Molte sono le analogie con il GDPR, che nell’articolazione dei precetti normativi delinea uno schema simile, sebbene più semplificato e con molti più risvolti di tipo organizzativo.

Sulle misure di sicurezza la ISO 27001 è ovviamente molto più incisiva e puntuale di altri sistemi e permette un’analisi dei rischi decisamente approfondita.

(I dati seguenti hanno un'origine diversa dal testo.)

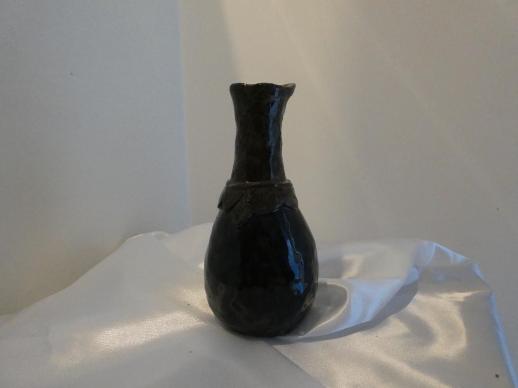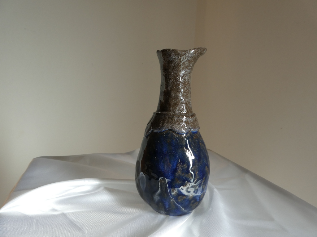 Découvrez ce vase à bec en grès noir chamotté, émaillé transparent et bleu de Sèvres. Un équilibre parfait entre texture brute et délicatesse émaillée, idéale pour une décoration chic et contemporaine.
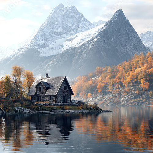 Fototapeta premium Cozy house overlooking water with mountain landscape photos
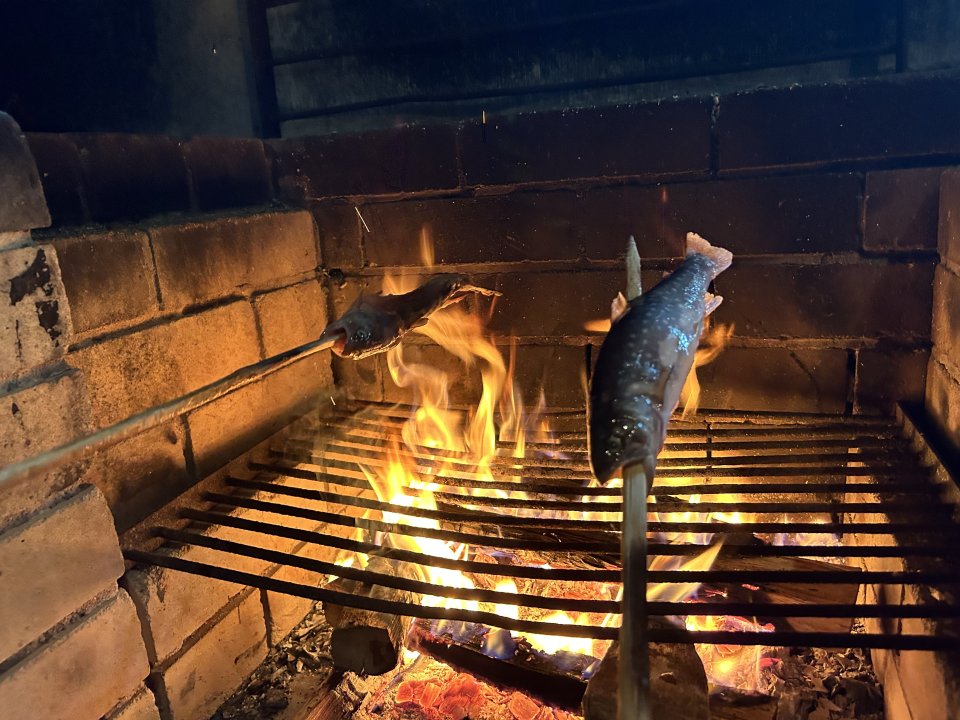 竹串に刺し、ホクホクのイワナの塩焼きが完成しました。
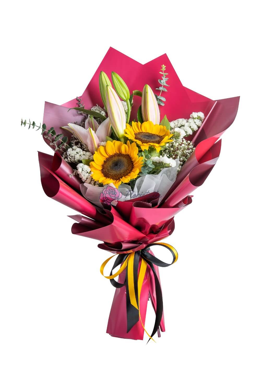 At Floristella, we guarantee that your Pink Lilies & Sunflowers bouquet will arrive fresh, on time, and in perfect condition, ready to brighten up any day.
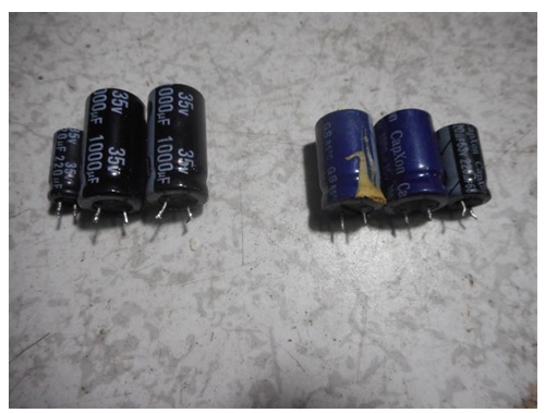 The three e-caps (2 x 1000µF/35v and 1 x 220 µ F/35v) were replaced.
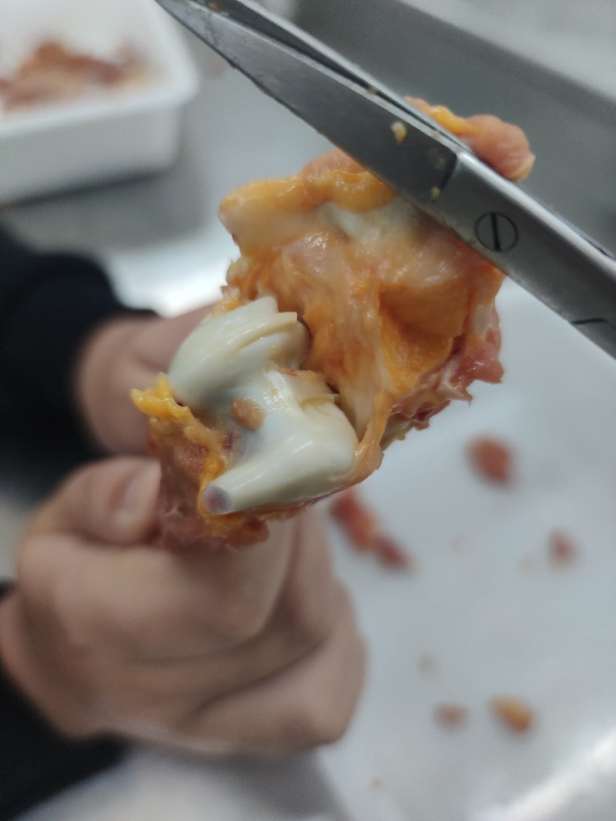 En la parte A se puede observar que la pata de pollo está en reposo, sin embargo, si se tensa el tendón, como se hizo en la parte B, la pata de pollo se contraerá tal y cómo se observa en la imagen, del mismo modo, si se deja de aplicar esta tensión, la pata volverá a su estado original (A). Figura 5. Fémur del pollo.
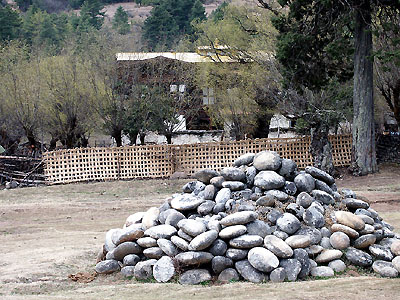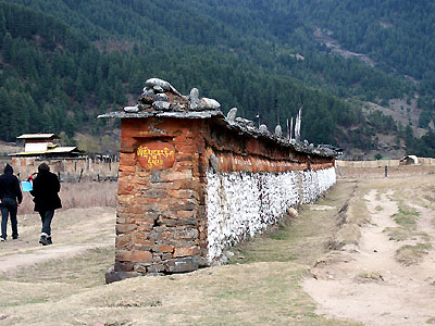 This beautifully painted wall is full of rocks inscripted with the Om Mani Padme Hung mantra.
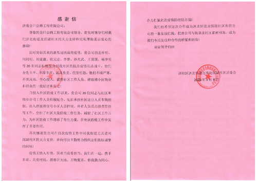 本次疫情防控志愿服務隊由集團所屬的濟南金曰、金宇公司48名干部職工組成,其中42名執勤人員,6名后勤保障人員。全體隊員認真貫徹落實疫情防控“四個百分百”要求,嚴格執行“十個一律”規定,堅持文明執勤、規范執勤、用心執勤,全心全意服務社區,一心一意決勝疫情,竭力鞏固疫情防控形勢持續向好態勢。
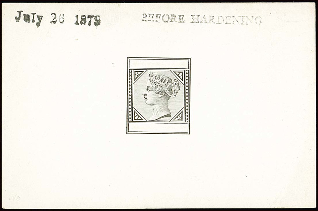 Master with blank name and duty plate in black on glazed card (92x60mm.), marked "before hardening" and dated "July 26 1879", fine. Photo

Gli scenari sono perfettamente adattabili al trattamento dei dati personali ed il confronto con la probabilità che l’evento si verifichi, in relazione ad ogni singolo trattamento individuato all’interno dell’organizzazione aziendale, permette di realizzare una mappatura del rischio e delle contromisure molto precisa, e quindi soddisfare al meglio le esigenze di tutela che vengono messe in evidenza dal Regolamento Europeo

Non a caso, dopo diverse proposte di regolamentazione, l’8 agosto 2019 è stata pubblicata l’estensione ISO 27701 che introduce quei controlli necessari a dare riscontro alla parte più giuridica del regolamento, senza dimenticare che un’altra estensione già disciplina la sicurezza del cloud.

Conclusioni

Infine, è indubbio che gli audit periodici siano indispensabili per il miglioramento continuo insito nella natura stessa del sistema di gestione, che garantisce, da un lato, che l’adeguamento non sia interpretato come semplice manuale con allegati da tenere sulla scrivania, per esibirlo alle Autorità in caso di controllo, e che consente, dall’altro, di documentare l’attività svolta ed osservare il rispetto del principio di accountability già citato.

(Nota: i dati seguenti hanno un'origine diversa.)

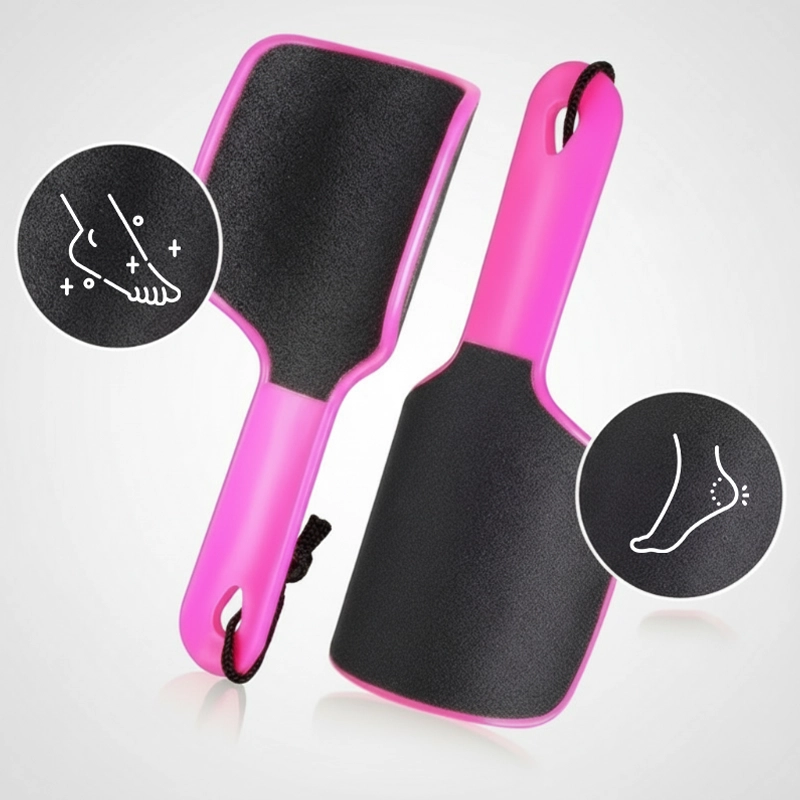 مقشّر القدم الخاص بنا يوفر عناية شخصية وفعّالة للقدمين. أحد الجانبين يزيل التراكم السميك بسرعة بينما الآخر يلمّع ليمنحك نعومة مثالية.
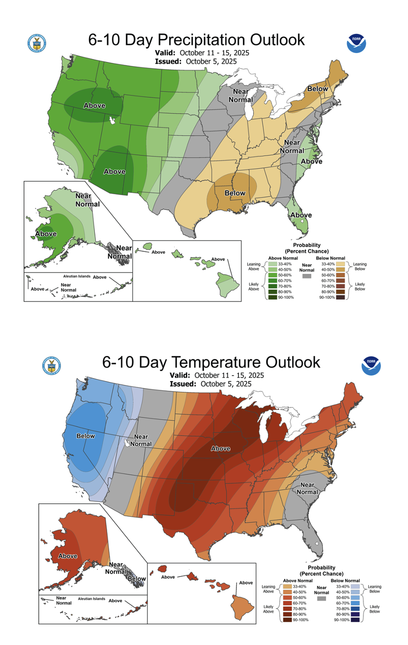 • Southwest crop conditions remain mostly favorable. For the week ending September 28, Oklahoma was the only state to see improvement, rising to 71% good to excellent, while Texas held at 41% and Kansas slipped to 50%. Boll opening has advanced to 57% in Texas, 70% in Oklahoma, and 26% in Kansas. Harvest is winding down in South Texas, bringing the statewide total to 26%. Although no updated Crop Progress and Condition Report will be released this week, harvest is underway in West Texas and Oklahoma, with Kansas not far behind.
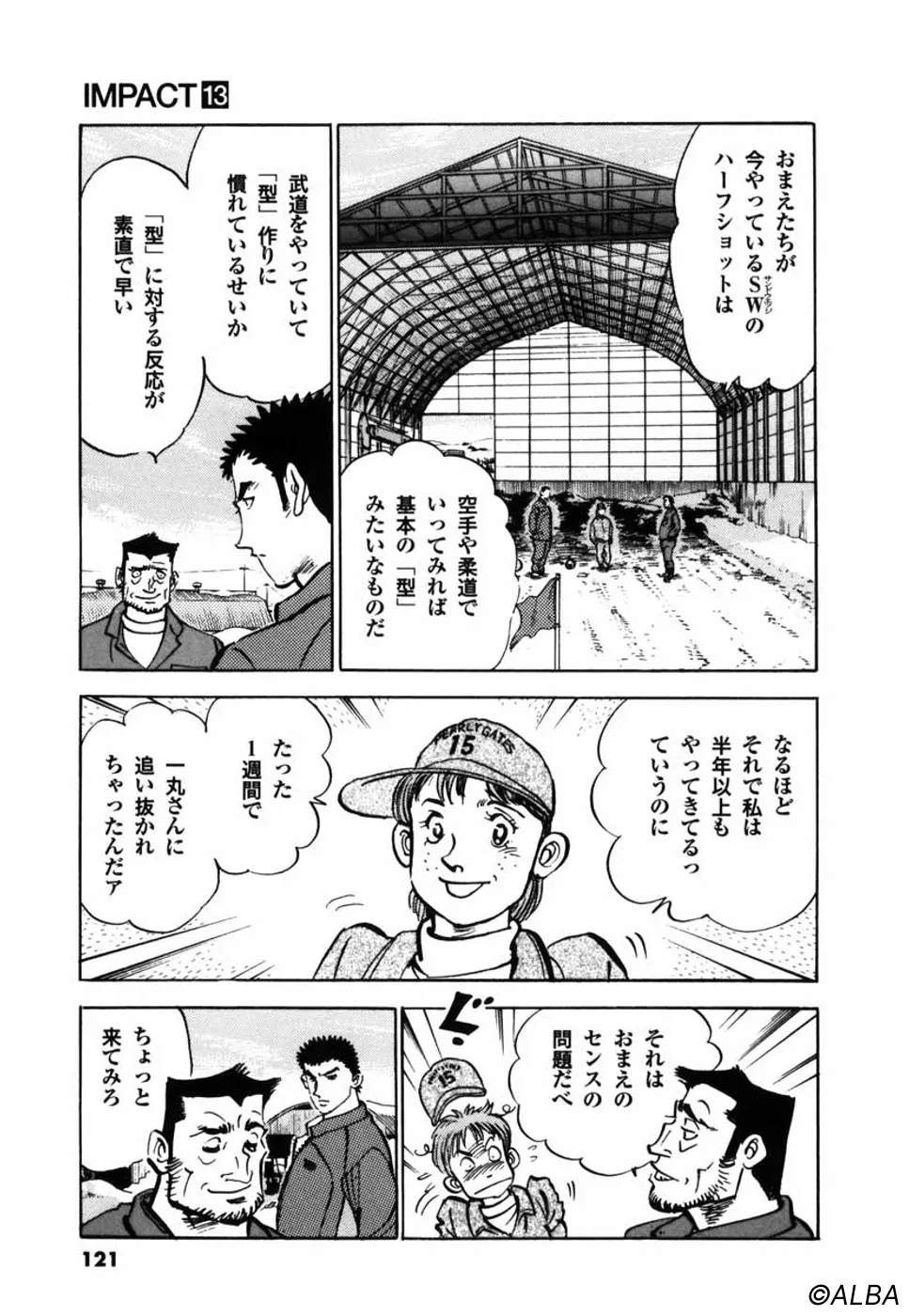 【第13巻あらすじ】元刀鍛冶師・鳴海一丸がゴルフに挑む。宿敵・石塚一平とのゴルフマッチに引き分けた一丸だが、自分の未熟さを痛感。以前、釧路で戦った、プロゴルファー・山中一佐のもとへ修業に向かう。それも真冬の北海道・釧路の牧場。そこで一丸が得るものとは、一体何?

Gli oneri di un meccanismo di certificazione sono ovviamente elevati soprattutto per un’azienda di piccole e medie dimensioni, ma c’è da tenere presente che non necessariamente l’azienda deve sottoporsi a certificazione (può semplicemente adottare lo schema) e, in ogni caso, potrebbe certificare solo quelle unità organizzative che sovrintendono al trattamento delle informazioni da proteggere, siano esse dati personali o dati relativi al business aziendale.

Anche in questo caso è importante affidarsi a persone esperte, che abbiano un lungo e datato curriculum in materia di protezione dei dati, privacy, sicurezza delle informazioni e sistemi di certificazione, e non a chi ha semplicemente fatto collezione di incarichi negli ultimi due anni, annusando l’opportunità di fare affari ed un mercato fiorente, perché le responsabilità del consulente ricadranno comunque sul titolare nel rapporto con l’Autorità Garante.

Sbagliare nella scelta del consulente significa probabilmente anche sbagliare nella realizzazione del sistema di gestione dei dati, sbagliare nell’analisi dei rischi, sbagliare nella predisposizione della documentazione e delle procedure che devono permettere all’azienda di adeguarsi.

Sulla base di questi errori l’azienda sarà valutata negativamente dall’Autorità di controllo ed il titolare sarà chiamato a pagare le sanzioni irrogate. Potrà poi certamente rivalersi sul consulente, ammesso che sia solvibile e che abbia un’assicurazione adeguata ai rischi professionali.